What I do know is that Alexander Elliot Salmond was the single figure in my lifetime who did more than anyone to push Scotland to achieve her independence. You do not succeed in that by being nice to everyone, when you are clearly menacing an entrenched establishment. But, unlike some others, he remained true, creative and driven, possibly too much so. He could have retired to read and write books (and make more money), but he still had history to make.
Critically, it is now up to others to keep that fire and legacy moving forward. The torch he carried needs to be passed to a new generation who has Scotland’s independence to the fore. The question is who is the person to lead that movement? But today, I cry for the loss of a gallus lad who fought with every fiber of his being, every molecule of his brain for the independence of our Scottish nation. A generation of Scottish university students do not have to worry about paying for their university tuition (unlike me and others before them who spent a decade paying back loans) and people with health conditions in Scotland do not need to skimp on other essentials (food, heating) to pay for needed prescriptions because of policies Alex’s government introduced. I hope everyone who has benefited appreciates Alex’s achievements in these areas as a minimum.
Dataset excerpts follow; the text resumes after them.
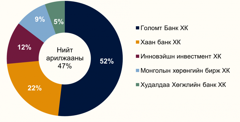 Монголын хөрөнгийн бирж дээр долоо хоногийн хугацаанд нийт 6.4 тэрбум төгрөгийн үнийн дүн бүхий 7.4 сая ширхэг үнэт цаас арилжаалагджээ.Үүнээс Голомт Банк ХК, Хаан банк ХК, Инновэйшн инвестмент ХК, Монголын хөрөнгийн бирж ХК, болон Худалдаа Хөгжлийн банк ХК арилжааны үнийн дүнгээр тэргүүлсэн байна. Тус хугацаанд нийт 1 удаагийн багцын арилжаа зохион байгуулагджээ. Тодруулбал:
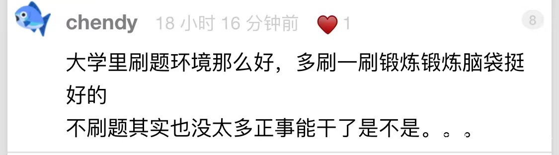 有網友説,大學刷題環境那麼好,多刷刷可以鍛鍊腦袋。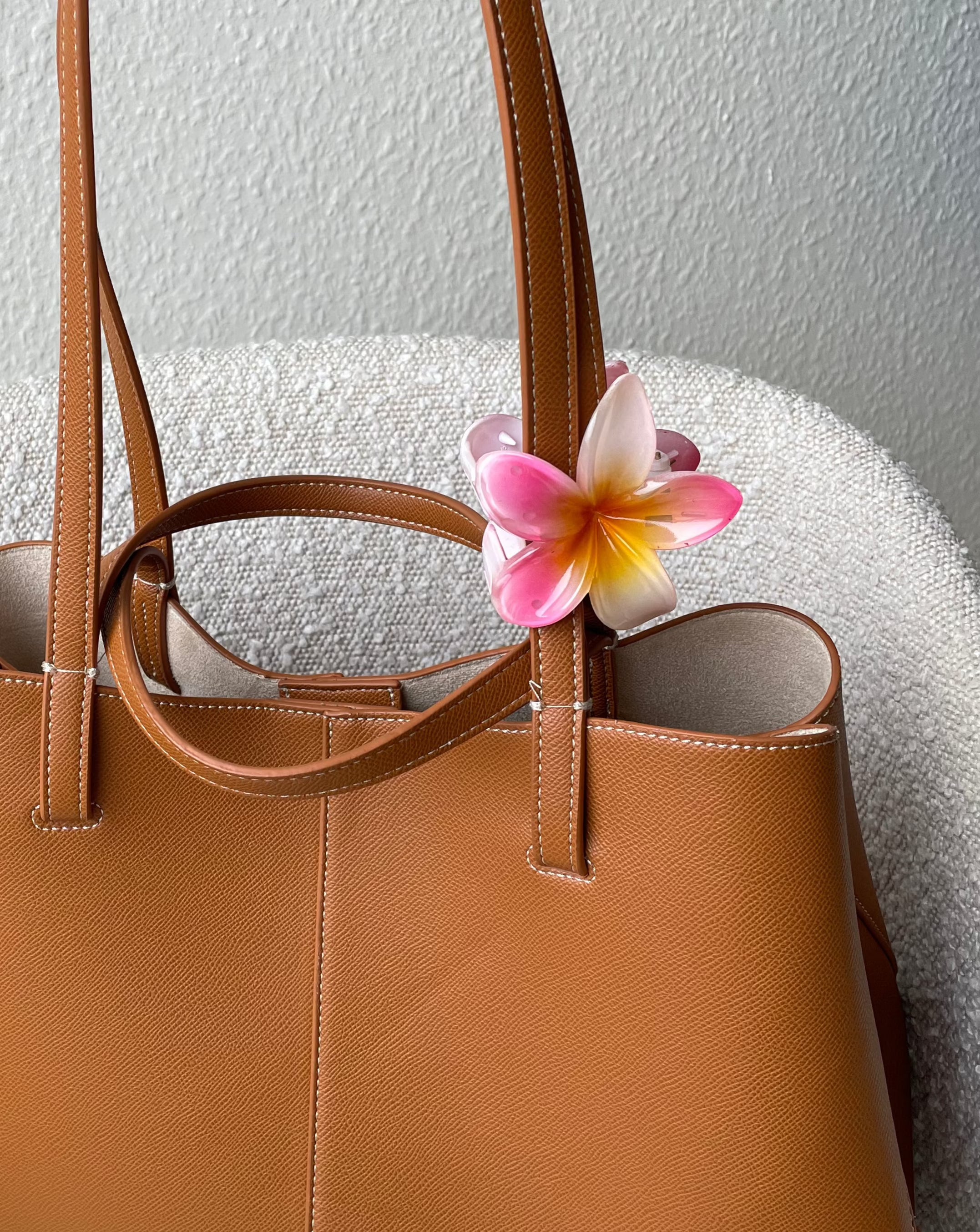 Vores fine og elegante Hawaiiblomst hårklemme er den perfekte accessories til sommeren. Den kan bæres i håret som en hårklemme eller omkring håndtaget på en af vores finde tasker🌸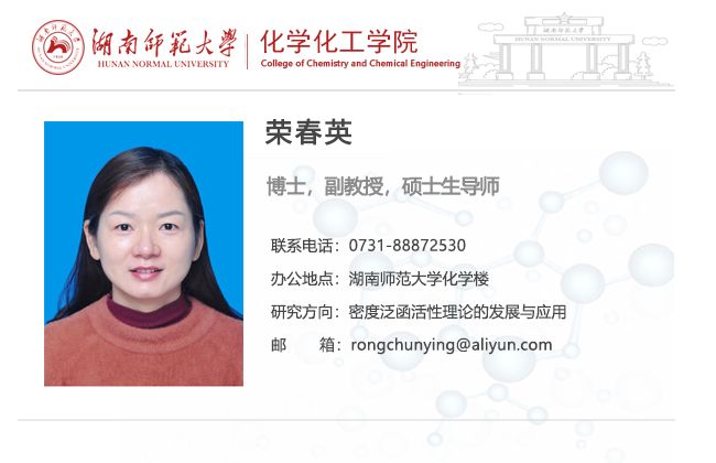 荣春英,博士,副教授,硕士生导师,毕业于湖南师范大学理论计算化学专业。主持完成国家自然科学基金青年项目1项,湖南省青年基金1项,湖南省面上项目1项,教育厅项目1项。以第一作者和通讯作者在WIREs Comput.Mol.Sci., J. Phys. Chem. Lett., Phys.Chem.Chem.Phys.,等国际著名刊物上共发表高水平论文42篇,获授权专利2项。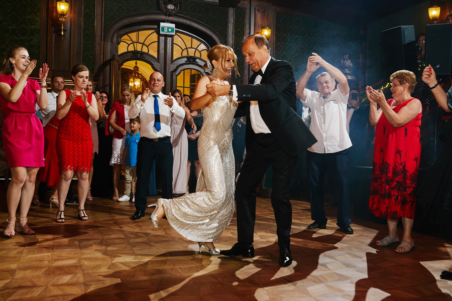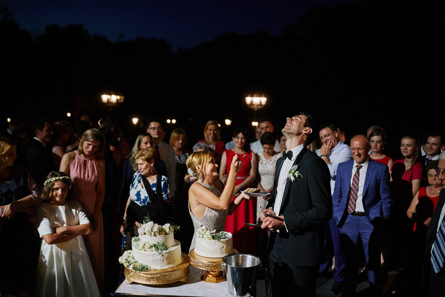 Zdecydowanie. Naprawdę. Niesamowity pierwszy taniec, który podziwialiśmy z wielu perspektyw. Jako duet mamy dwa razy więcej możliwości. Ale też trochę jesteśmy Batmanami i po prostu szybko się przemieszczamy :). Potem atrakcji było sporo: pokaz sztucznych ogni, tort podany na zewnątrz, zespół góralski, który nie tylko grał, ale też przygotował znakomite show i zabawy dla gości. Krótko mówiąc – niesamowity był to dzień. Mam nadzieję, że Was nie zanudziłam i macie jeszcze siłę pooglądać zdjęcia! 🙂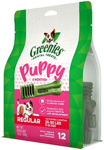 • Contains one (1) 12 oz. 12-count pack of GREENIES Puppy 6+ Months Regular Size Natural Dental Dog Treats; Natural Dog Treats Plus Vitamins, Minerals, and Other Nutrients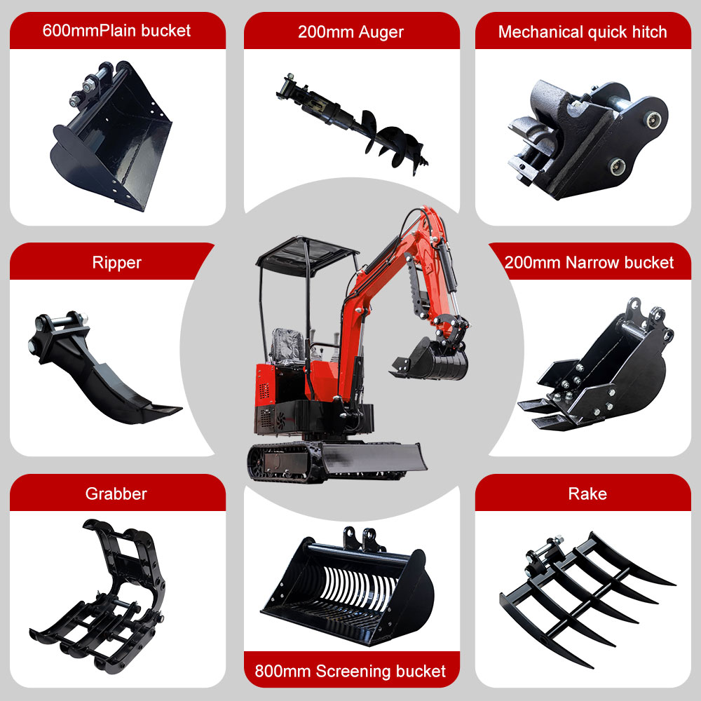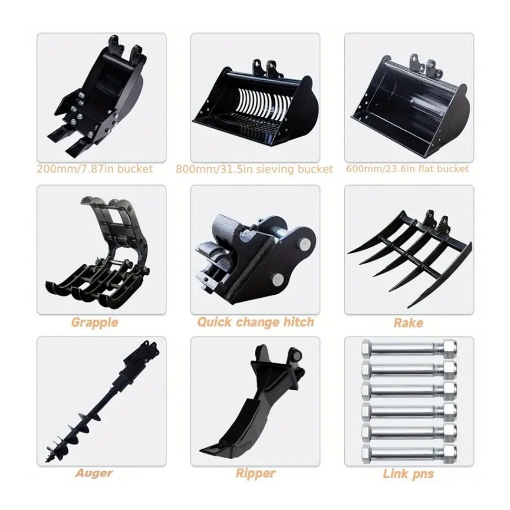 This attachment package is compatible with most mini excavators equipped with a standard quick attach (25mm pin-on) system.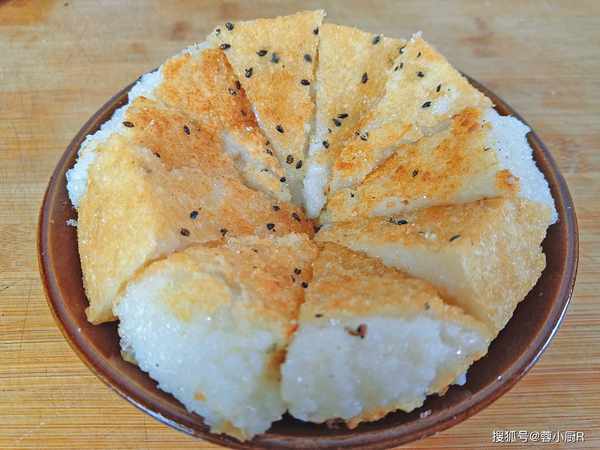 1、炸好的糯米糕先切小块儿,然后再切成小三角形,人不多的话切一大块儿就够了。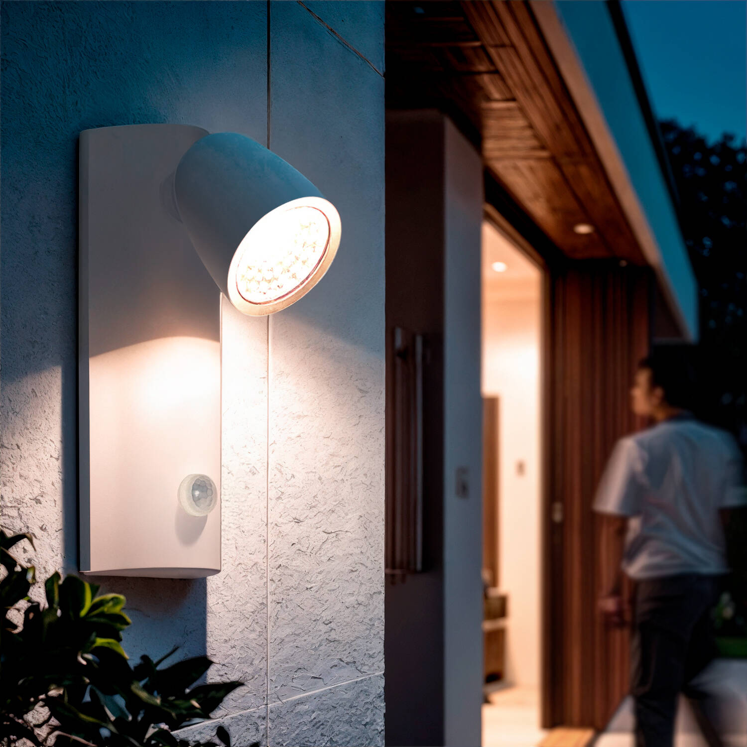 Le détecteur PIR intégré détecte les mouvements jusqu’à 10 mètres, activant immédiatement l’éclairage pour sécuriser entrées et allées. Ce fonctionnement automatique réduit les interventions manuelles et optimise la consommation, tout en offrant une présence lumineuse précise grâce au faisceau angulaire maîtrisé de 24°.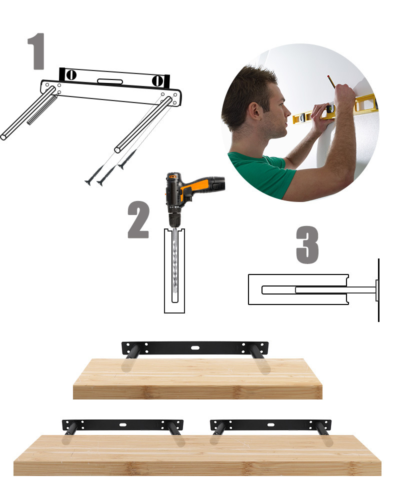 隠し棚受け ブラック ダブルT 隠し棚受け 壁掛け固定木板接続ブラケット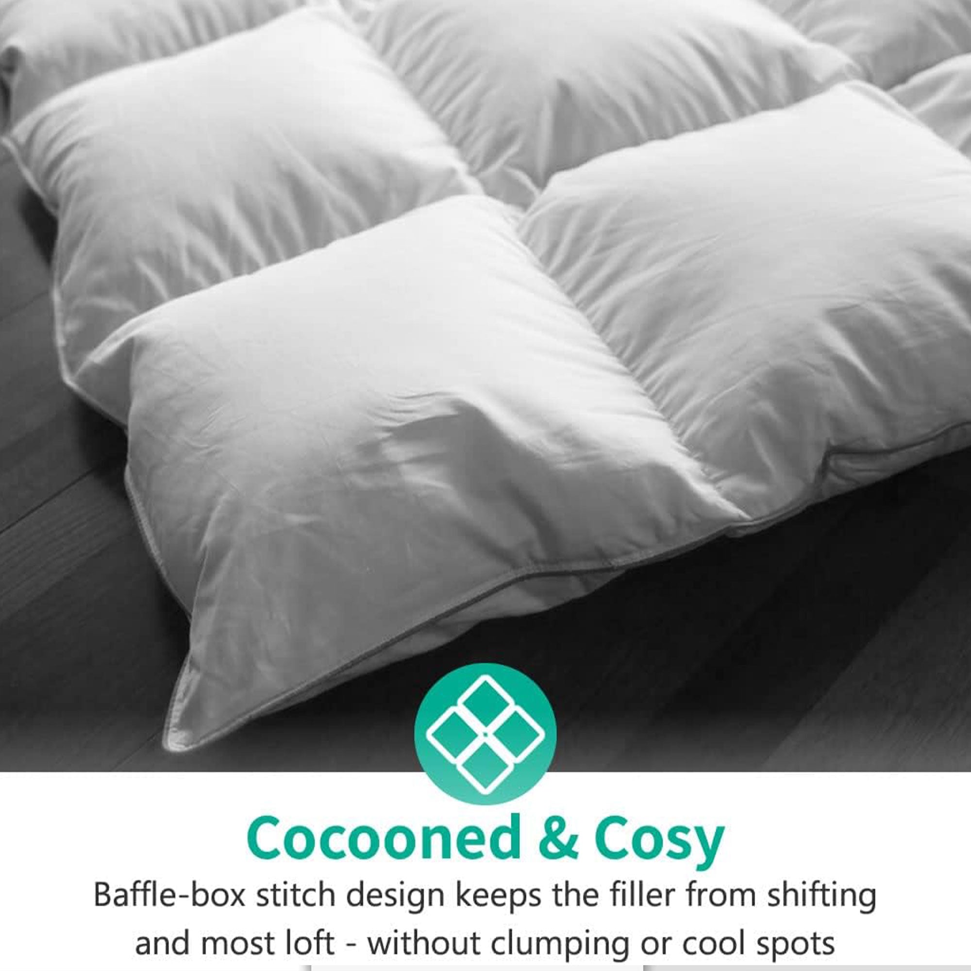 • Experience year-round coziness with our feather down comforter's versatility, perfect for any season, be it spring, winter, autumn, or summer

But more than anything, Alex got Scots to believe in their nationhood. Yes, Scotland is a country not a county! Scotland, you have lost a most remarkable son today.
Catherine McNamara
Was up at Perth putting leaflets in envelopes just before the referendum 10 years ago. Suddenly Alec appeared. He had taken the time to turn up to this little group in the middle of nowhere and say thank you. Everybody was so pleased to see him. Such a pleasant hard-working man. Then he took off to the next place he had to visit. What a loss to Scotland.